These are all cool, especially the last! But it’s a lot to take in. Two questions:
1. How do I remember it, how do I make sure it doesn’t just linger in my mind for a week or a year and then disappear, leaving me back where I’ve started? This is frustrating; it seems like, to get better at these things, I’d have to study them as if a class at school. But I have a full-time job and thus not much energy to “take a class” too.
2. Should I even remember it? Is he right? Is this book just a bunch of nonsense? This is even more frustrating. Of course, I google it and the first things that come up are a few critiques. It’s like figuring out the truth in law or politics or computer science or anything else! Gah!
I answer myself: don’t worry about it, take a step back, chill out. But that seems to be my response to everything these days, which leads to nothing ever changing. And maybe I’ll spontaneously Get Enlightened someday at this rate, but I don’t think so.
Boy, it’d be nice if, y’know, understanding the universe, true happiness, enlightenment were easy, eh?
Aaron M Fraser - Jan 1, 2010
It’s a good answer, Dan.
There’s so much information out there, and it’s really hard to remember all of it. I think, though, that a bit of it will always stay with you.
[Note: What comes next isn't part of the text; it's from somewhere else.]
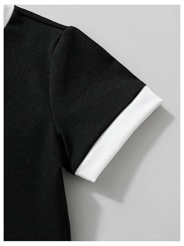 OYOANGLE Girl's 2 Pack Short Sleeve T Shirts Contrast Binding Round Neck Summer Casual Tee Tops 2

Keep ruminating. Keep reading similar texts. You’re not going to absorb everything from them, but I bet you’ll absorb SOMETHING relevant. And it will change the way you move through life.
This book will lead you to reading another book you may not have considered before. Think thoughts you never would have had, which lead to others. Or even walk down a side-street you’ve always thoughtlessly passed, wherein you discover something beautiful.
So yeah, ya might forget most of this book, but it will have imprinted itself on you. If you listen to your heart/gut/intuition, and actively seek outward for something beyond yourself, you will come to where you need to be in life.
Dan - Jan 1, 2010
I guess? But how do you know?
What if I’m not trying hard enough, or if I’m not trying smart enough?
I think that a Zen master would hit me with a stick and tell me these aren’t even questions that make sense (it’d be like saying “am I tall enough to be enlightened?") but I’m not sure. I’m not sitting in a monastery for 12 years- how am I supposed to get enlightened? So I’m not even logically convinced; I don’t even KNOW it, much less FEEL it.
Aaron M Fraser - Jan 2, 2010
We put too much emphasis on “knowing” things. This is a mainly Western problem, or at least was originally. What can we really know when the very basic building blocks of our universe are virtually unknowable? (Heisenberg’s Uncertainty Principle, forex - knowledge of one aspect of a particle precludes knowing anything else about it)
You seek truth, but no one can tell you what this is… but you. All truth is subjective, and what you find to be true is irrelevant outside of your frame of reference.
You may discover things that defy logic, or you may find it logic that you should FEEL or KNOW a certain thing before it is “true” to you - however, logic is a purely human construct, built upon premises we largely assume about the way the “world works”.
I wouldn’t get caught up in logic and knowledge and truth. This does not mean don’t question, merely don’t let your questions keep you off the path you’ve started down. When you start worrying about the end results to such a degree, you begin to sabotage yourself (see my post on Perfection).
After all, it’s the journey, not the destination, that shapes the man.
“As a single footstep will not make a path on the earth, so a single thought will not make a pathway in the mind. To make a deep physical path, we walk again and again. To make a deep mental path, we must think over and over the kind of thoughts we wish to dominate our lives.” - Henry David Thoreau
Dan - Jan 2, 2010
“All truth is subjective”: disagree! Some things are just plain old true: I am sitting in a chair, the sky is blue, etc.
And the Heisenberg thing is I think misapplying a one-sentence explanation of micro-scale science on a macro-scale. For example, I can tell where a car is and how fast it’s moving (within a margin of error of say an inch and 1 mph) at a given time.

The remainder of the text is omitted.